Квадрат для покойников - Арно Сергей Игоревич. Страница 49
Двор, в котором жил друг Захария Антисим, был, несмотря на свою заасфальтированность, озеленен. Везде были клумбы с цветами. Возле одной из них возились две беременные москвички, пропалывая некультурные сорняки среди культурных насаждений.
На звонок дверь им открыла беременная женщина в замызганном халате.
– Ах это ты, недомерок, – сказала она, разглядев Захария. – Нету его. На работе.
Больше ничего не сказав, женщина захлопнула дверь.
– Ну это не беда, на работе даже лучше.
Местом работы Антисима было кирпичное здание котельной в соседнем дворе. На звонок долго никто не открывал.
– Да куда же он запропастился? – огорчился Захарий.
– Может, ушел? – предположил Казимир Платоныч.
– Да не должен, – без конца вдавливая кнопку звонка, сказал Захарий и тут же пояснил: – Котлы у него.
– Эй, недомерок! Это ты, что ли?! – донесся откуда-то сверху мужской голос.
С крыши котельной, прямо над дверью, торчала лохматая голова.
– А кто же! – отозвался Захарий, вглядываясь. – Ты чего там торчишь? Звоню, звоню!

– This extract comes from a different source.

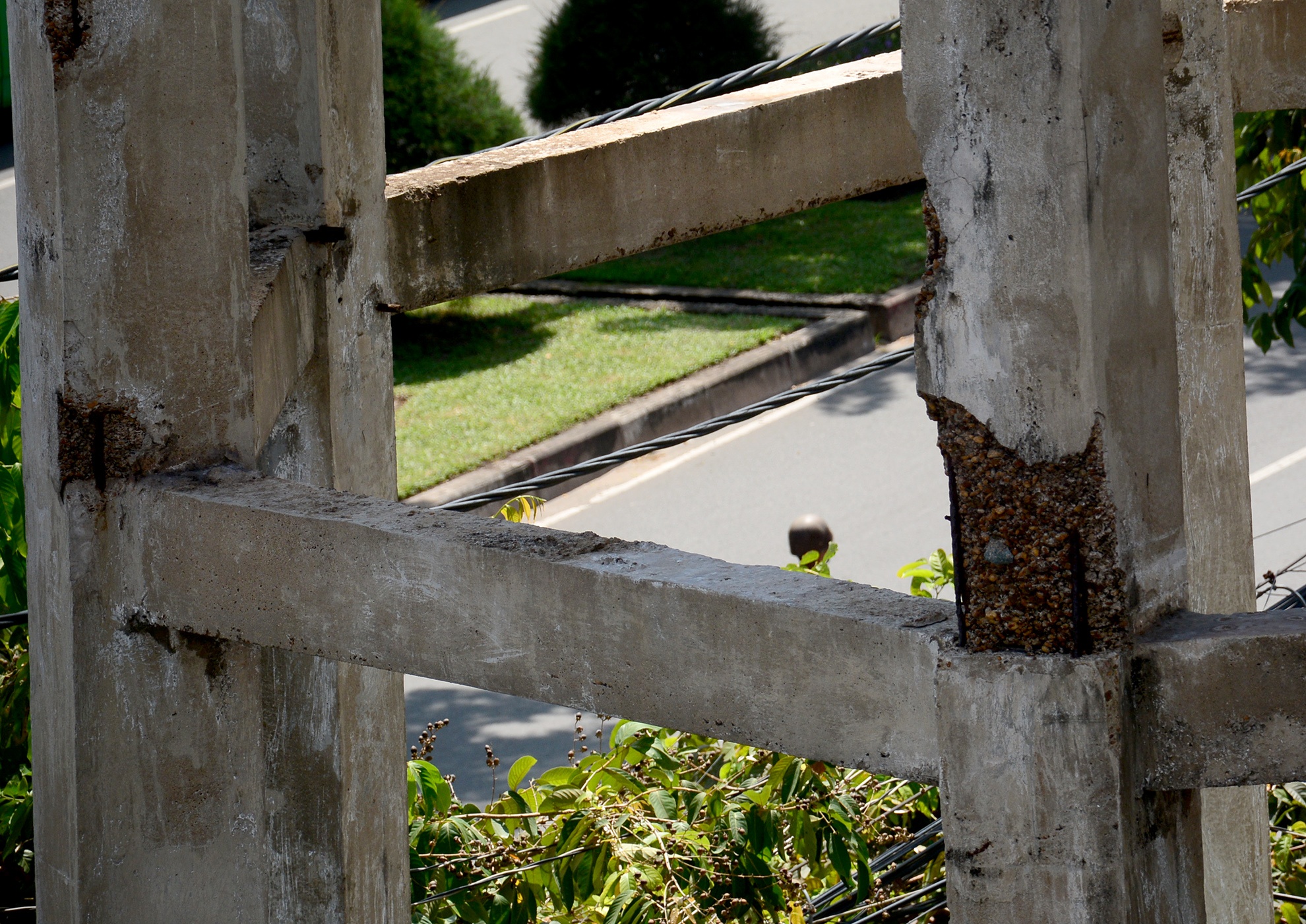 | 8 chân cùng các thanh giằng đều bị nứt nhiều chỗ, lòi kết cấu bê tông và sắt gỉ. |

– А кто с тобой приперся? – спросила недоверчивая голова.
– Друзья мои, открывай!
Голова исчезла. Через некоторое время заскрипело железо засова, дверь открылась, и из котельной мимо друзей проскочила женщина осчастливленного вида. За ней на пороге появился крупный светловолосый мужчина с картофелеобразным носом и чапаевскими усами.
– Заходи, народ! – пригласил он.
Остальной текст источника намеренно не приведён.